J’ai tout de suite adoré ses traits qui s’apparentent à des motifs de tatouages, ses lignes qui se croisent et s’entrecroisent et j’aime que l’on retrouve dans ses dessins sur toiles, des photos, des animaux empaillés, des murs d’habitations, des couleurs vives… Bref comme dirait Jean-Luc lui-même :

Ca part dans tous les sens!

Parlez-nous de vos plus beaux souvenirs lors de l’organisation de l’Affordable Art Fair…

Je dirais que ma première foire en tant que Directrice est un merveilleux souvenir. Quelle fierté !

Un an de préparation où l’on travaille, avec Louise (Louise Malfait, Fair Manager), à peaufiner chaque détail. Cela nous demande beaucoup d’implication professionnelle qui oblige parfois à certaines concessions sur le plan personnel.

Pour la 9ème édition de l’Affordable Art Fair nous avons fait venir une artiste que l’on a découverte sur internet ; Emmanuelle Moureaux. L’artiste nous a fait l’honneur d’installer son œuvre « 100 COLORS » à l’entrée de la foire. Moment très fort pour Louise et moi.

Il y a aussi et surtout cette montée d’adrénaline où toute l’équipe est pendue à son Talkie-Walkie en attendant mon « GO », signalant l’ouverture de la foire.

Que fait Géraldine Hubot pendant son temps libre ?

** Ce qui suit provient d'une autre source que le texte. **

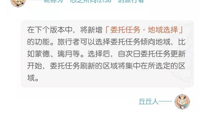 有一个功能看似有些鸡肋但确实有些用,但你要说它有用吧又真没什么正经用处。在下个版本中,旅行者们将可以自行选择日常委托的倾向地域,说白了就是你可以指定每日委托刷新在蒙德还是璃月了,这个暂时确实没什么用,就那么大点地图,自己找找就出来了,不过未来开的图多了还是很有用的,能省不少的麻烦事。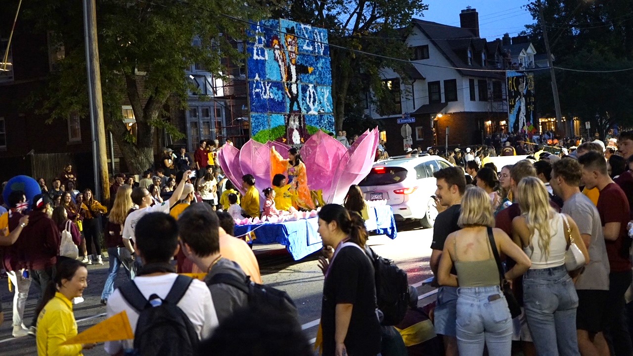 游行当天,刮起大风,下起了大雨。下午两点后,雨停了,乌云散去。下午六点半游行开始前,成千上万的游行者挤满了大学路两侧。在大法花车的上方,出现了一条白云缭绕,一直延伸到天际。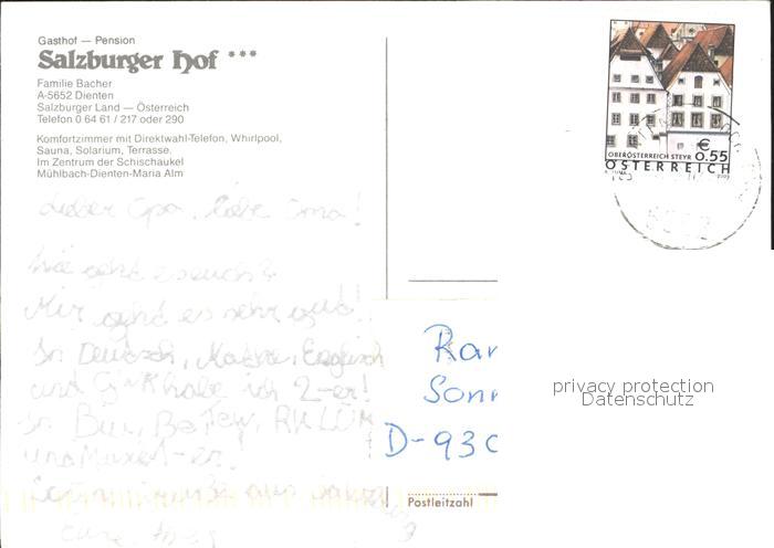 71986307 alte Postkarte Dienten Hochkoenig Gasthof Pension Salzburger Hof postalisch gelaufen Erhaltung siehe scans KatCode: 11390322050603

Avec une enfant d’à peine un an, j’ai beaucoup moins de temps libre qu’avant. J’essaye de le passer d’abord avec ma famille. Le week-end, on cuisine en amoureux, on bouquine, on se promène avec notre fille et on prend souvent la voiture pour flâner à Anvers.

Un mot sur votre sélection curatoriale pour La peau de l’ours?

Pour ma sélection curatoriale, j’ai choisi l’artiste, Grégory Decock, pour l’humour et l’énergie positive qu’il diffuse au travers de son art. Comme lorsqu’il détourne des installations routières, où un dos-d’âne devient le chapeau de Magritte et un sens interdit, un sourire. J’aime particulièrement sa série d’encre sur papier ‘Les nouveaux Chemins’. L’artiste donne de l’autonomie à son geste, l’encre parcours le papier de manière aléatoire pour aboutir à un résultat aux traits parfaits.

Un travail qui me ressemble : je me lance et puis je vois où cela mène… tout en essayant d’aboutir à un résultat.

Des souvenirs d’exposition?

La dernière exposition que je suis allée voir est ‘Elements’ réalisée par la curatrice Jennifer Plasman, une amie. Elle y présentait un artiste que j’adore, Sébastien Bonin.

Sinon celles de Robert Mapplethorpe et de Niki de Saint Phalle au Grand Palais, à Paris.